Department of Pathology and Cell Biology, University of South Florida, Tampa, FL 33612, USA.
Gynecol Oncol. 2010 Apr;117(1):117-24. doi: 10.1016/j.ygyno.2009.12.011. Epub 2010 Jan 13.
The poor prognosis associated with epithelial ovarian cancer (EOC) is due to the lack of overt early symptoms and the absence of reliable diagnostic screening methods. Since many tumors over express angiogenic regulators, the purpose of this study was to determine whether elevated levels of the angiogenic or angiostatic molecules vascular endothelial growth factor (VEGF), hepatocyte growth factor (HGF), endostatin (ES), and angiostatin (AS) were elevated in plasma and urine from patients with EOC.
VEGF, HGF, ES and AS were assayed by ELISA in samples from pilot cohort consisting of healthy women (N=48; pre-menopausal N=23, post-menopausal N=25), women with benign gynecological disease (N=54), patients with primary peritoneal cancer (PP) (N=2) and EOC (N=35). Wherever possible, parallel serum samples were measured for CA125 levels by ELISA.
AS was the angioregulator that independently discriminated EOC patients from healthy individuals. Levels of urinary AS (uAS) from healthy individuals or women with benign gynecological disease averaged 21.4 ng/mL+/-3.7 and 41.5 ng/mL+/-8.8, respectively. In contrast, uAS averaged 115 ng/mL+/-39.2 and 276 ng/mL+/-45.8 from women with Stage I (N=6) and late stage (N=31) EOC, respectively. Furthermore, uAS was elevated in EOC patients regardless of tumor grade, stage, size, histological subtype, creatinine levels, menopausal status, or patient age, but appeared to complement CA125 measurements.
Levels of AS are elevated in the urine of patients with EOC and may be of diagnostic and/or prognostic clinical importance. Further studies of uAS as a biomarker for EOC alone or in combination with other markers are warranted.
上皮性卵巢癌(EOC)预后不良的原因是缺乏明显的早期症状和可靠的诊断筛查方法。由于许多肿瘤过度表达血管生成调节剂,因此本研究旨在确定血管内皮生长因子(VEGF)、肝细胞生长因子(HGF)、内皮抑素(ES)和血管抑素(AS)等血管生成或血管生成抑制分子在 EOC 患者的血浆和尿液中的水平是否升高。
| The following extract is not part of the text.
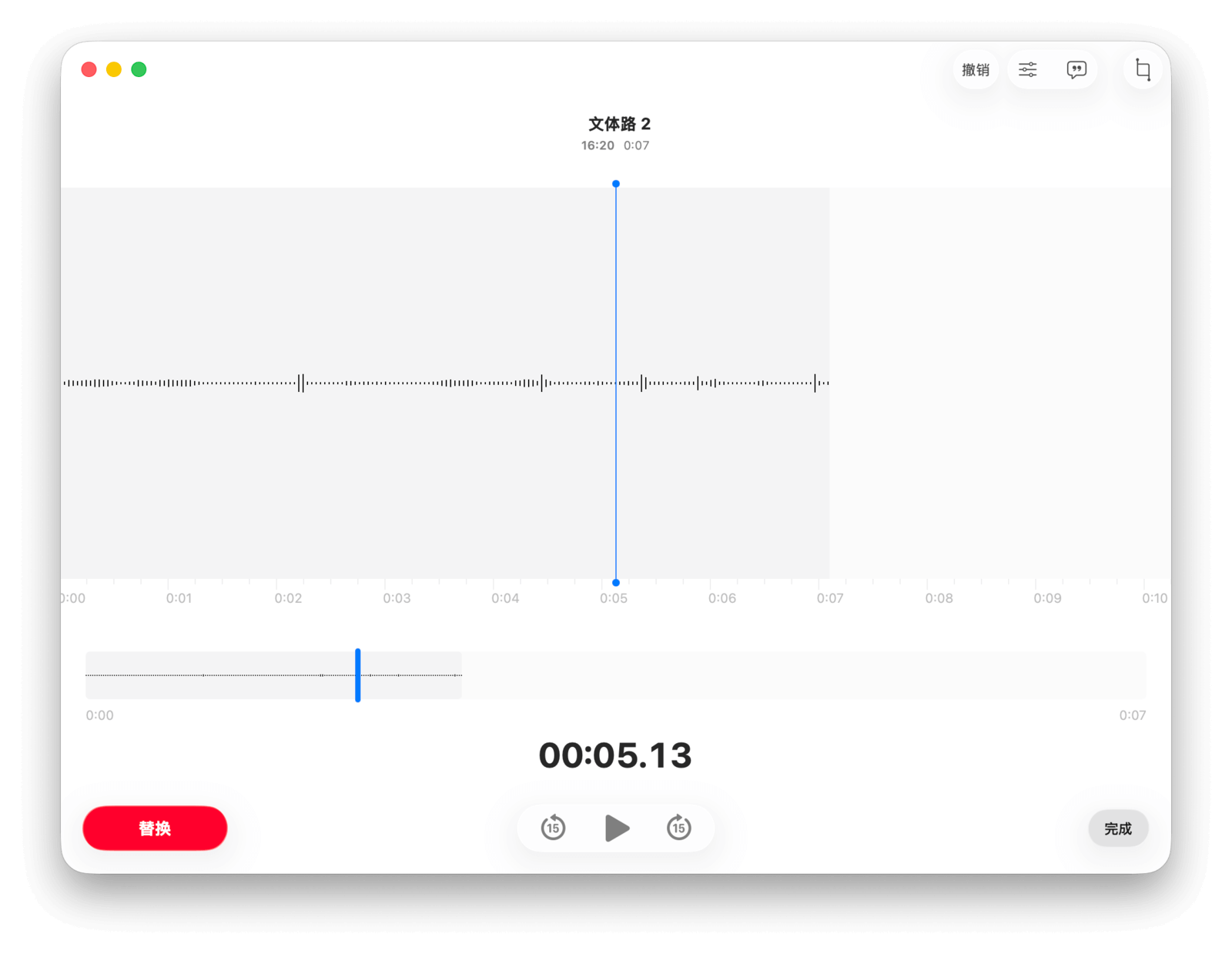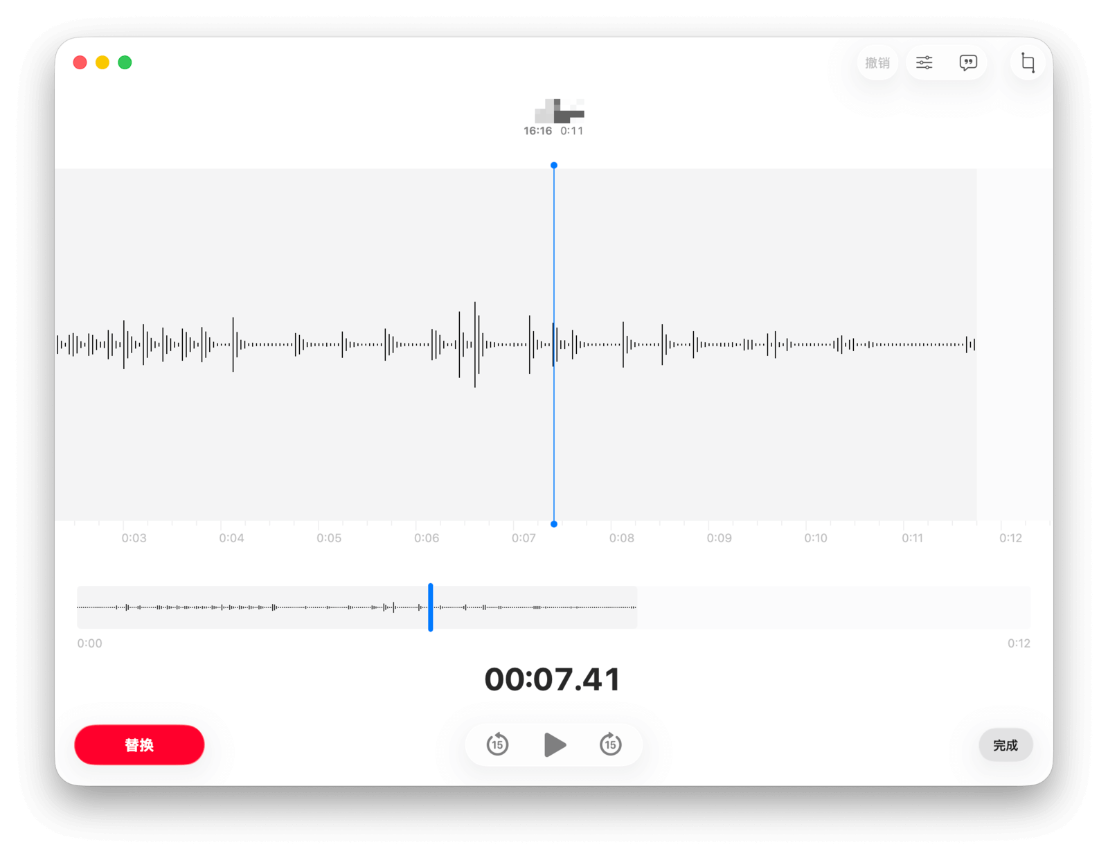 与录制时的操作一样,将进度条移动到要替换部分的开头处,点击「替换」即可重录语音。被替换部分的音波会变成红色,原来的则保持黑色。

采用 ELISA 法检测来自包括健康女性(N=48;绝经前 N=23,绝经后 N=25)、良性妇科疾病女性(N=54)、原发性腹膜癌(PP)患者(N=2)和 EOC 患者(N=35)的样本中 VEGF、HGF、ES 和 AS 的水平。尽可能同时测量血清样本中 CA125 水平。
AS 是独立区分 EOC 患者和健康个体的血管调节剂。健康个体或患有良性妇科疾病的女性的尿 AS(uAS)水平分别为 21.4ng/ml+/-3.7 和 41.5ng/ml+/-8.8。相比之下,I 期(N=6)和晚期(N=31)EOC 患者的 uAS 平均值分别为 115ng/ml+/-39.2 和 276ng/ml+/-45.8。此外,无论肿瘤分级、分期、大小、组织学亚型、肌酐水平、绝经状态或患者年龄如何,EOC 患者的 uAS 均升高,但似乎与 CA125 检测互补。
EOC 患者的尿 AS 水平升高,可能具有诊断和/或预后的临床重要性。进一步研究 uAS 作为 EOC 的单一标志物或与其他标志物联合应用的价值是必要的。